Korfball drill: abdominal exercises
Suitable for the following techniques: strength
Abdominal exercises
Cobra stretch 10x
- Lie on your stomach on the floor with legs side by side and toes long.
- Place the palms near the top of the shoulders on the ground.
- Exhale and push the body up by arching the back.
- Keep the hips on the ground.
If this is too heavy, support with the elbows on the ground instead of the hands.
Standing side stretch 10x
- Stand with feet shoulder-width apart.
- Clasp the hands together above the head.
- Bend sideways so the ear begins to point toward the ground.
- To stay balanced, push the hips in the opposite direction.
- Slowly come into the position and hold the stretch for 5 counts.

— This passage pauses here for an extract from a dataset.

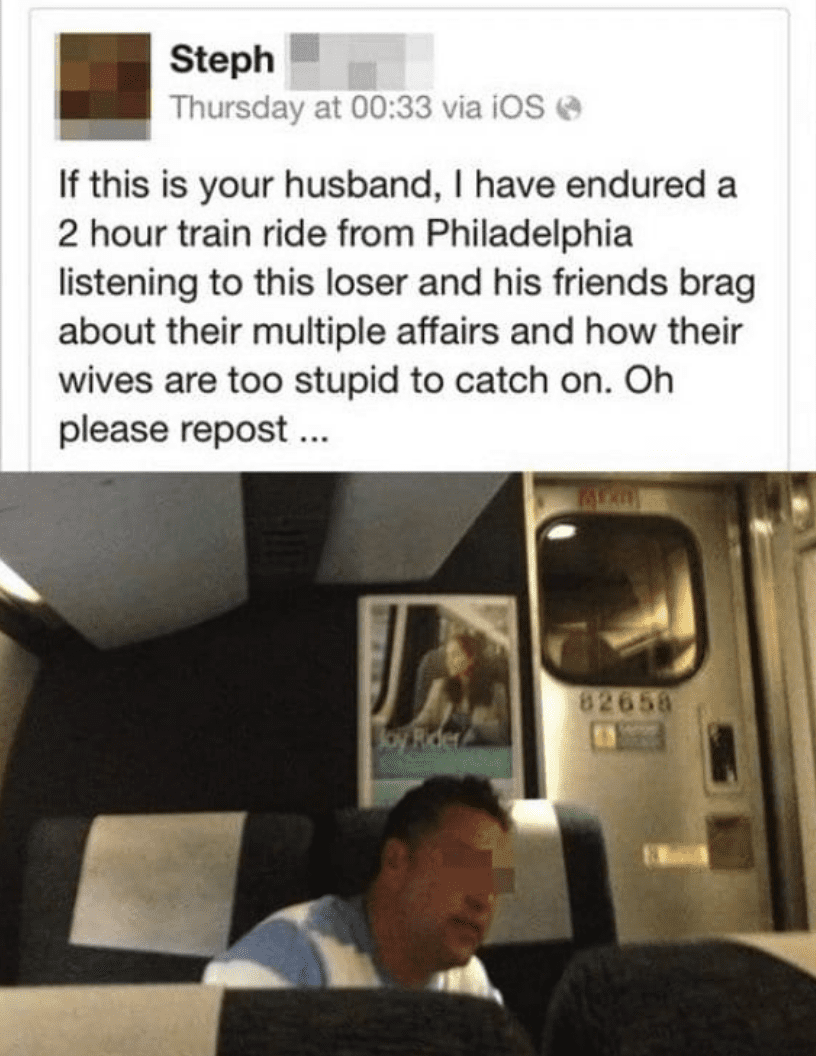 “Si este es tu esposo. He soportado 2 horas en un tren desde Philadelphia escuchando presumir a este perdedor y a sus amigos, sobre varias aventuras y cómo sus esposas son demasiado estúpidas para no darse cuenta. ¡Oh por favor, republíquenlo!”.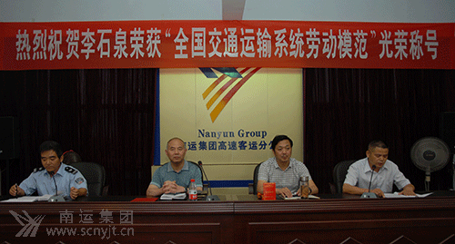 高速客運(yùn)分公司黨支部副書記侯進(jìn)主持會(huì)議,副經(jīng)理龐林宣讀了中華人民共和國(guó)人力資源和社會(huì)保障部、中華人民共和國(guó)交通運(yùn)輸部“關(guān)于交通運(yùn)輸系統(tǒng)勞動(dòng)模范”表彰決定?燔嚳瓦\(yùn)分公司駕駛員李石泉榮獲表彰。

- Continue breathing normally.
Kneeling abdominal stretch on thighs rocking 10x
- Sit on the knees with knees hip-width apart and toes on the floor.
- Place the hands under the buttocks on the thigh.
- Arch the back back so that the chest comes forward.
- Tighten the abdominal muscles.
Lift body in boat position 5x
- Lie on your back with legs extended and place the extended arms behind the head on the floor.
- Tilt your pelvis upward and your lumbar spine on the ground.
- Keep your back on the ground throughout the exercise.
- Lift your arms and chest about 5 cm off the ground -arms extended backwards.
- You now feel a tension in the abdominal muscles.
- Lift the legs about 20 cm off the ground.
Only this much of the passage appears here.